Director: GILLO PONTECORVO

ITALY-ALGERIA • 1966 • SUBTITLED • BLACK AND WHITE • 120 MIN


ONE OF THE MOST CELEBRATED AND INFLUENTIAL OF POLITICAL FILMS, GILLO PONTECORVO’S 1966 CLASSIC ABOUT THE ALGERIAN WAR OF INDEPENDENCE REMAINS AS RELEVANT AS IT EVER WAS.
The Battle of Algiers is about the long campaign fought by Algerians to rid themselves of the colonial yoke of France. It focuses on the revolt of the urban populace of the Casbah in Algiers and in particular on one (fictitious) leader of the liberation movement (the FLN), Ali la Pointe.
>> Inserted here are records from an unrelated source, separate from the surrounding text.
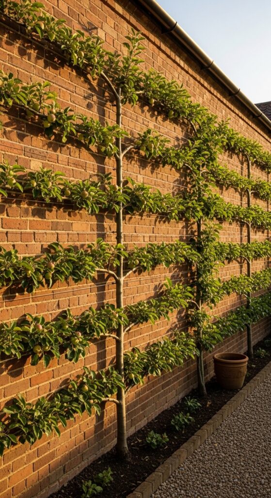 What makes it work: Espalier training flattens a tree’s growth into a two-dimensional form against a wall, creating a living screen that provides privacy, seasonal beauty, fruit production, and habitat for birds — all in a single structural element. The geometric precision of the training wires gives the wall a tailored, architectural quality that purely ornamental climbing plants lack.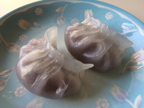 | 皮は浮き粉と片栗粉を使います。餡は市販のこしあんを使います。 |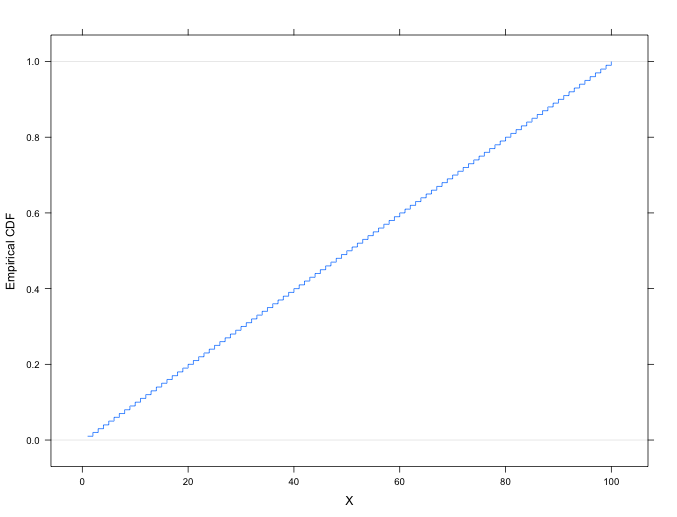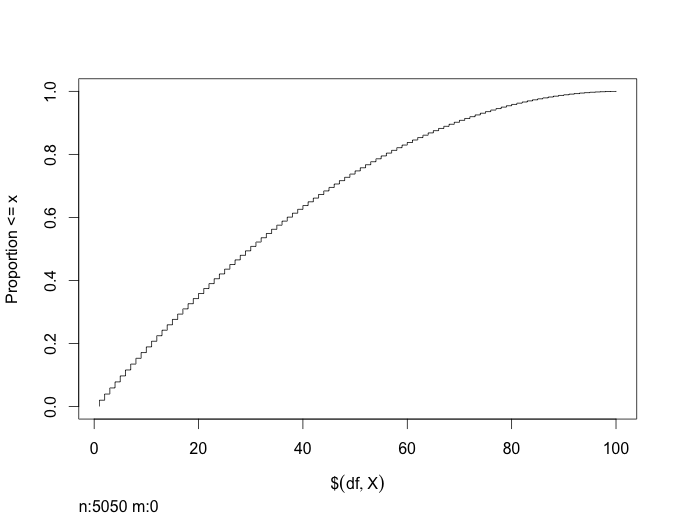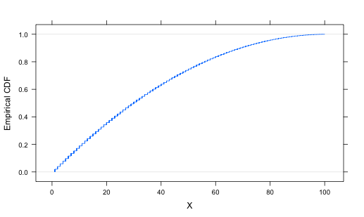 ecdfplot(~ rep(x= X, times= W), data=df, xlab= "X")

A powerful opening sequence shows the torture by the French of a member of the FLN and the subsequent capture of Ali and his remaining comrades. The narrative then goes into flashback to trace the politicisation of Ali, hitherto a small-time street criminal. The film’s style, with its documentary-like reconstruction of events and grainy black and white photography, owes much to the influence of Italian neo-realism. Care is taken to present a balanced account of the French position by establishing the figure of an intelligent French army officer, Colonel Mathieu, in opposition to Ali. Similarly, the film doesn’t shrink from showing the horrors of the FLN’s bombing campaign. Overall, though, Pontecorvo’s film is neither balanced nor impartial in its allegiances. Its argument is a moral one and its aim is to show the rightness of the Algerian cause. It’s impossible in a short review to do justice to this masterwork of political cinema—from its powerful score (by Ennio Morricone and Pontecorvo), to the fine, angry intelligence of its script (by Franco Solinas), to its use of actors, both professional and amateur. —Marion Doyen.